** Opening MATERIAL FOR THIS EXERCISE block **
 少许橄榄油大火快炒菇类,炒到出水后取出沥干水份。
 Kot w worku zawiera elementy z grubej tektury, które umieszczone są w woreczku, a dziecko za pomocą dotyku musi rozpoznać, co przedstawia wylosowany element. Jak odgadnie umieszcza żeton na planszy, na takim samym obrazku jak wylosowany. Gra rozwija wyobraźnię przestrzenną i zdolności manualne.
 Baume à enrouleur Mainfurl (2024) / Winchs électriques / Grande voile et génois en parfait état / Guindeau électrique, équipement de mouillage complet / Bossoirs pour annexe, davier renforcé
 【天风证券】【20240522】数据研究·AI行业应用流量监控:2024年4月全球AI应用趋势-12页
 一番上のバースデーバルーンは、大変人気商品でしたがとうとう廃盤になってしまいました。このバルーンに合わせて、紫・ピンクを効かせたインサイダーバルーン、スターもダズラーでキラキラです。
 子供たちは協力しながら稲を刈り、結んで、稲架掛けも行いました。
** Closing MATERIAL FOR THIS EXERCISE block **
** Opening MATERIAL FOR THIS EXERCISE block **
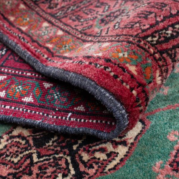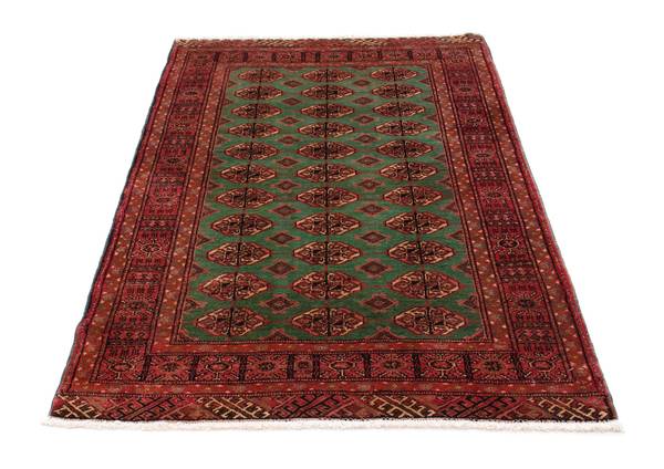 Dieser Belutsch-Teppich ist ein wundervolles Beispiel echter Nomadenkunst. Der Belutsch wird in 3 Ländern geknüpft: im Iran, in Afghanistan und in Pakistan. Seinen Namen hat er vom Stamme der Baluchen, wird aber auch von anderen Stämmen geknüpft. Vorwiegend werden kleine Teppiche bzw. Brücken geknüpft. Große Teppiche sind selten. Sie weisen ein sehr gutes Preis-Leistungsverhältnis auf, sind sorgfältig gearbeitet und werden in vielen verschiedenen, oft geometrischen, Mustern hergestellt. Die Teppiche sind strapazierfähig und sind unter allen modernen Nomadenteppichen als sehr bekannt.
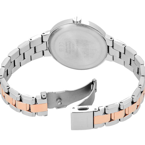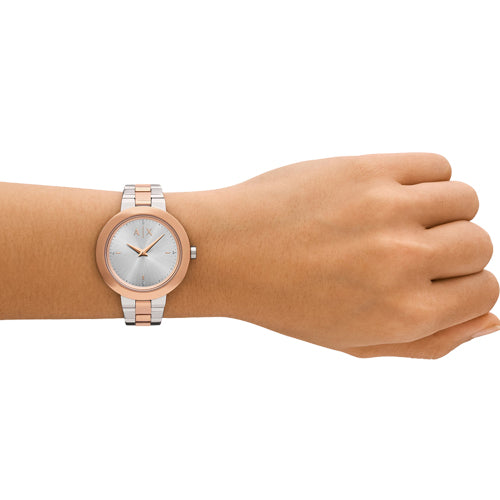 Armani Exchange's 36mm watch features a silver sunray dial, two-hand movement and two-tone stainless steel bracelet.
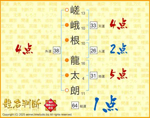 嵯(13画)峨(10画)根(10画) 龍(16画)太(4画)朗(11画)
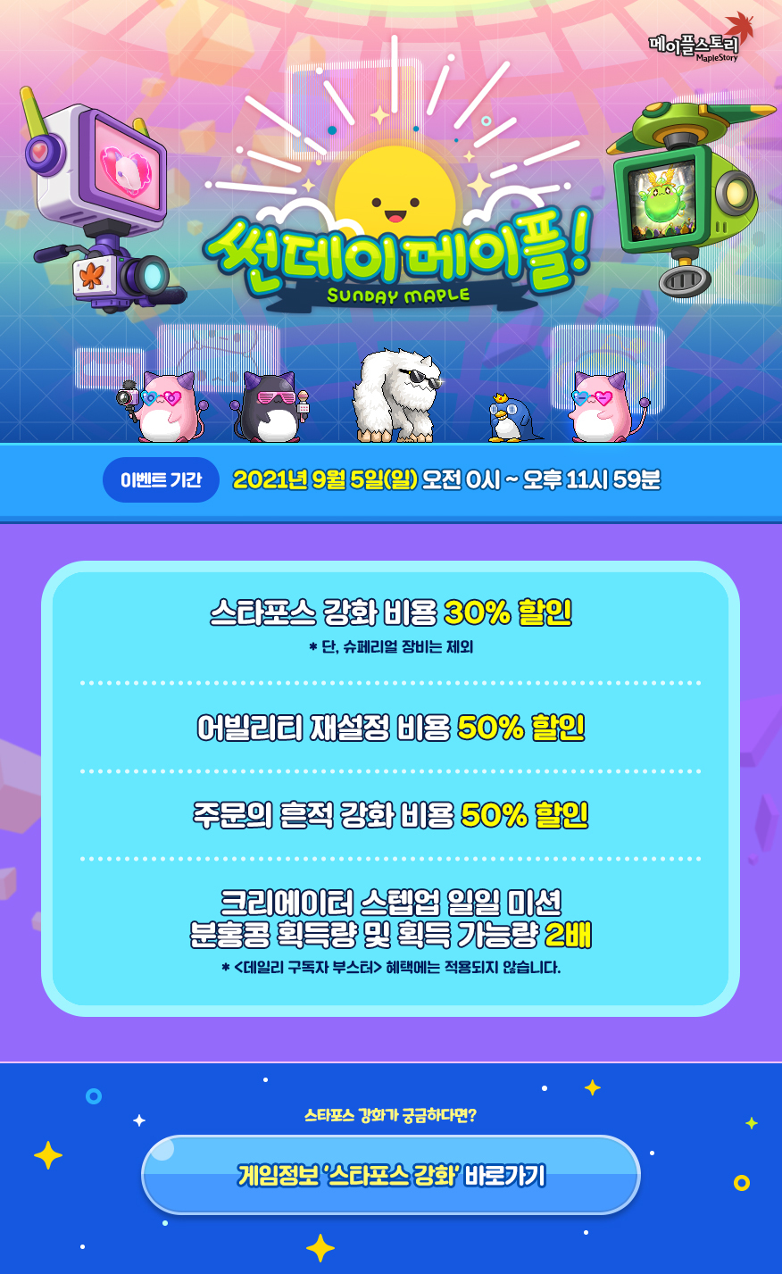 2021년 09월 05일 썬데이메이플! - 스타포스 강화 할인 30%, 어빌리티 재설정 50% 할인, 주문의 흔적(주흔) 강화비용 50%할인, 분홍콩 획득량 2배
** Closing MATERIAL FOR THIS EXERCISE block **
** Opening MATERIAL FOR THIS EXERCISE block **
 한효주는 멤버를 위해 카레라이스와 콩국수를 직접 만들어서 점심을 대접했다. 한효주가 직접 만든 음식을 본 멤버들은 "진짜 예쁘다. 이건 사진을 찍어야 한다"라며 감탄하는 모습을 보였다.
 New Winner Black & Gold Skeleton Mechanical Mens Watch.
** Closing MATERIAL FOR THIS EXERCISE block **
[EXERCISE GOAL]: Both boundary lines included, write out word for word only the lines above from the one containing "Armani Exchange's 36mm" to the one containing "2021년 09월 05일", leaving out any pictures.

[TASK RESPONSE]:
 Armani Exchange's 36mm watch features a silver sunray dial, two-hand movement and two-tone stainless steel bracelet.
 嵯(13画)峨(10画)根(10画) 龍(16画)太(4画)朗(11画)
 2021년 09월 05일 썬데이메이플! - 스타포스 강화 할인 30%, 어빌리티 재설정 50% 할인, 주문의 흔적(주흔) 강화비용 50%할인, 분홍콩 획득량 2배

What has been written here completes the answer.